Here’s how much the world has changed: We’re now looking to Danville as an example of how to do things.
We are just four years removed from the Republican candidate for the U.S. Senate – Corey Stewart – depicting Danville as “boarded-up” and “sad,” and a national news story that called the city a “decomposed industrial hulk.” Both were wrong – that harsh assessment of the city was about two decades out of date – but sometimes right and wrong doesn’t matter in politics or public perception.
The facts on the ground in Danville changed quite some time ago, and are still changing. And now the public perception is finally catching up with the ground truth. That was one of my first takeaways from an event I attended last week: Danville, far from being the “decomposed industrial hulk” that Breitbart News made it out to be, is now being looked to as a leader in how to turn around a city’s fortunes, and with good reason.

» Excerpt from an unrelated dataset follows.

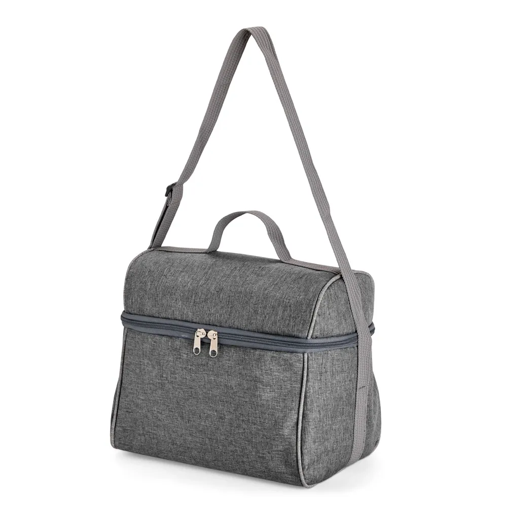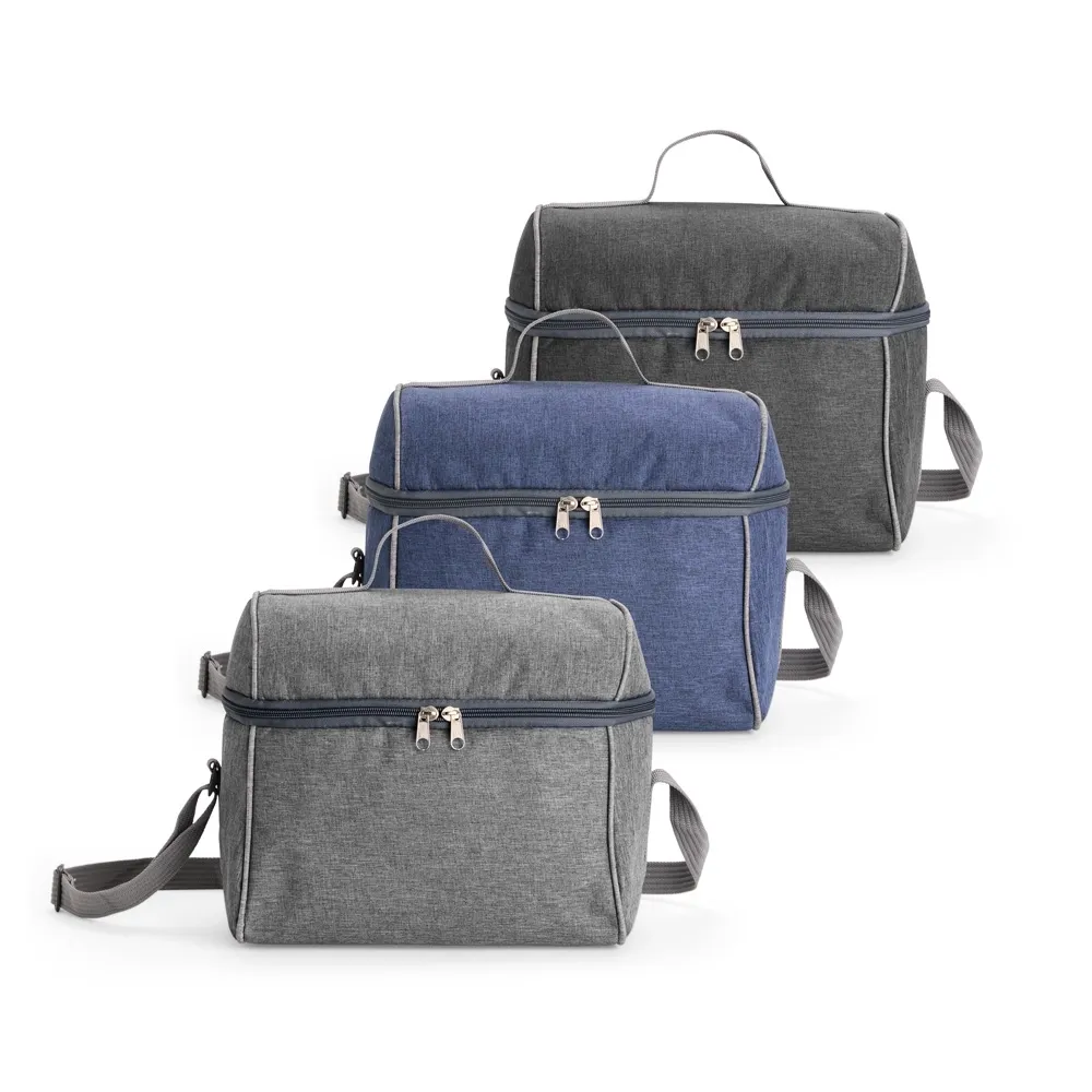 Bolsa térmica confeccionada em poliéster resistente à água, com capacidade máxima de 14 litros e fechamento em zíper. Possui revestimento térmico interno em PVC laminado prata verniz, que ajuda a conservar a temperatura de alimentos e bebidas por mais tempo. Além disso, conta com uma alça fixa na tampa e outra transversal ajustável.

The event was the “Level Up” summit of community leaders in Martinsville and Henry County, sponsored by the Harvest Foundation, a community foundation funded by the sale of the nonprofit hospital in Martinsville. Full disclosure: The Harvest Foundation has made a grant that will enable us to hire a yet-to-be named reporter in Martinsville. (Donors have no say in news decisions; you can be a donor and have no say, too. Here’s how.) The Harvest Foundation also asked me to speak at that conference, to present demographic data about population trends in the community. I shared those in yesterday’s column. Today I’ll write about what else I heard there, because there may be lessons applicable to other communities. So yes, to learn about Martinsville, we begin with Danville. Both are communities laid low decades ago – the collapse of textiles and tobacco in Danville, the collapse of textiles and furniture in Martinsville. Danville, it’s fair to say, is well ahead of Martinsville in reinventing itself, which is why the Martinsville summit invited Danville’s Telly Tucker to speak. Tucker is the city’s former economic development chief; he’s now president of the Institute for Advanced Learning and Research, a difficult-to-describe research and job training center in Danville.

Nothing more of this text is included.